The initial imbalance generates acoustic wave fronts with trailing wakes of dispersive acoustic gravity waves. There are two characteristic timescales of the adjustment. The first is the transit time it takes an acoustic front to travel from the source region to a particular location. The second timescale, the acoustic cutoff frequency, is associated with the trailing wake. The characteristic depth scale of the adjustment is the density scale height. If the depth of the heating is small compared with the scale height, the final pressure perturbation tends to zero and the pressure field adjusts to the initial density hold. For larger depths, there is a mutual adjustment of the pressure and density fields.

Use of the one-dimensional analogue of the conservation of Ertel's potential vorticity removes hydrostatic degeneracy and determines the final equilibrium state directly. As a result of the adjustment process, the heated layer has expanded vertically. Since the region below the layer is unaltered, the region aloft is displaced upward uniformly. As a consequence of the expansion, the pressure and temperature anomalies in the layer are reduced from their initial values immediately after the heating. Aloft both the pressure and density fields are increased but there is no change in temperature. Since the base-state atmosphere is isothermal, warm advection is absent; since the vertical displacements of air parcels is uniform aloft, compressional warming is also absent.
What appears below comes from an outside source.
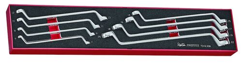 Zestaw podwójnych kluczy pierścieniowych Teng Tools jest wyposażony w uchwyt biodrowy umożliwiający kontakt z płaską stroną elementu mocującego, a narzędzia są utrzymywane w miejscu przy użyciu trzykolorowej ciętej pianki EVA.
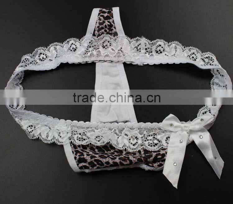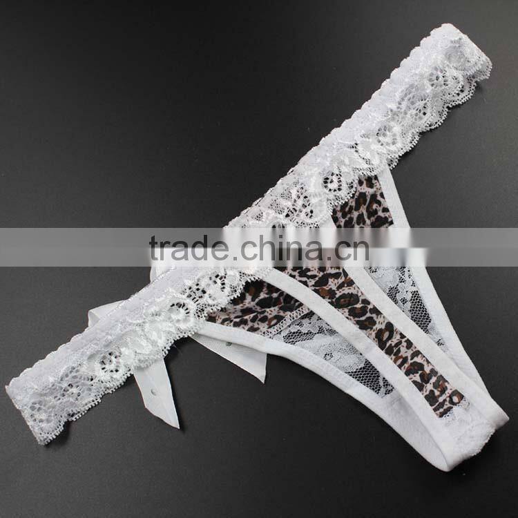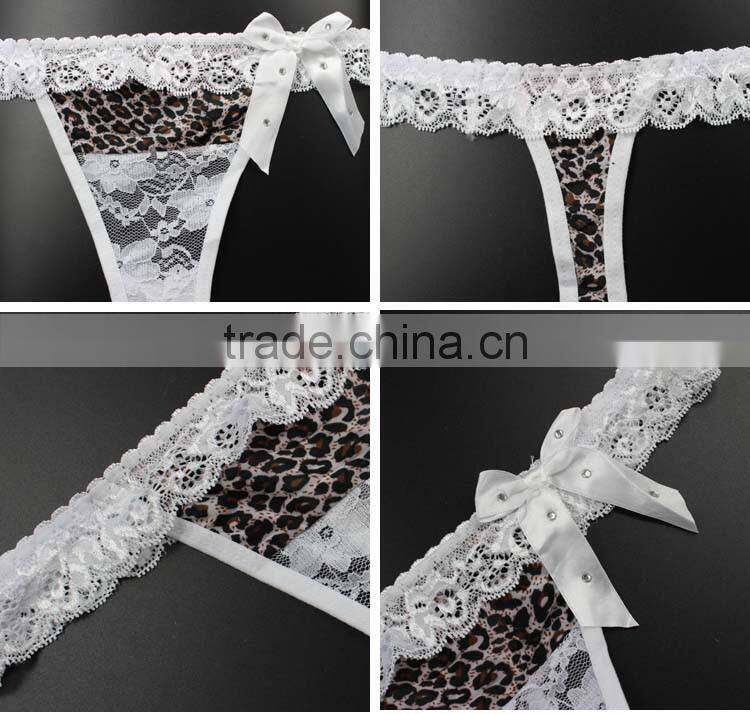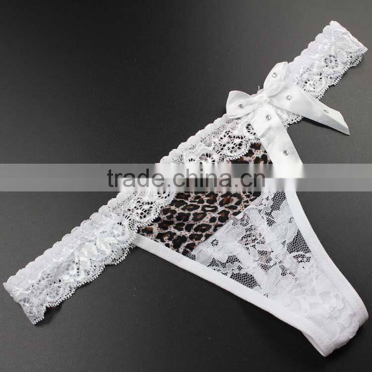 Stock Hot Sale White Bowknot Lace Leopard Cute Underwear Women Sey Panties String Women Thongs and g Strings Female Briefs G-str

The energetics of the adjustment are documented. Initially all the perturbation energy resides in the heated layer with a fraction γ−1 = 71.4% stored as available potential energy, while the remainder is available elastic energy, A fraction κ = R/Cp = (γ − 1)/&gamma = 28.6% of the initial energy is lost to propagating acoustic modes. Here γ = Cp/Cv is the ratio of the specific heats and R is the ideal gas constant. The remainder of the energy is partitioned between the heated layer and the region aloft. The energy aloft appears mostly as elastic energy, and the energy in the layer appears mostly as available potential energy.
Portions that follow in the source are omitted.